The hardest thing for a writer, especially one that tries to write every day, is the flickering blank page on the computer. It’s hard to constantly fill that blank page with interesting tidbits and anecdotes without looking desperate, whiney or dumb. Sometimes the page can be a vast wasteland yearning to be filled with some magical prose that helps everybody put their lives and wants into perspective. Other times it’s just a place to write about a dog or the weather or anything else that waltzes through my mind.
It’s daunting though, that evil blank page. It sits so silently; offering no encouragement or confidence. It doesn’t judge, but seems to know when what you’ve placed upon it is crap. I think the paper makes you erase things because you can see that it just isn’t hanging on the paper right. It’s almost an aesthetic choice as much as a literary one at times.

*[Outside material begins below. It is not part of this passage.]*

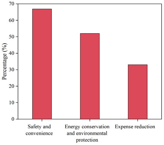 In the process of urbanization, high levels of economic development in rural areas have enabled China to complete urbanization more quickly due to relatively well-developed infrastructure and public services and higher levels of industrial development. Rural areas with higher levels of economic development have a higher proportion of clean energy consumption than rural areas that rely heavily on low-quality energy sources, such as biomass and bulk coal, and that are lagging behind in their level of economic development []. Despite this, as the world’s largest developing country, 44% and 24% of rural households in China still use firewood and coal as their main household energy source, respectively []. In this study, the share of natural gas use in rural Guangdong was found to be close to 50%, but the use of solar energy, LPG, and biogas is less than 20%, along with about 20% of firewood use. In addition, rural residents are economically rational, and the cost of purchasing and using clean energy equipment increases for individuals with low incomes. This perception affects their willingness to use clean energy []. Although Guangdong province has a higher level of economic development than most other provinces in China, there is still great potential for the promotion of renewable energy. In addition, consumer selectivity, attribution of responsibility, corresponding awareness, and environmental consequences determine the intended clean energy technology adopted by the rural population []. The research found that rural residents in Guangdong province do not have a strong desire to use solar photovoltaic technology, with less than 30% of residents having the desire to use it. Although more than 70% of residents believe that solar energy technology can save energy and convenience and more than 50% of residents believe that the use of solar energy can protect the environment, considering some of the problems that may arise in the process, less than 20% use it.

Sometimes I just want to fill these pages with ravings about peanut butter sandwiches or monkey powered submarines. Couldn’t you imagine all the submarines at the bottom of the oceans crammed full of naval monkeys? I know I can. I do try and avoid filling these pages with that type of stuff though. I can’t imagine that it’s all that interesting to the reader. If I do get you to think about Monkey submariners for any length of time, however, I do get a strange sense of satisfaction. Das Bananaboot.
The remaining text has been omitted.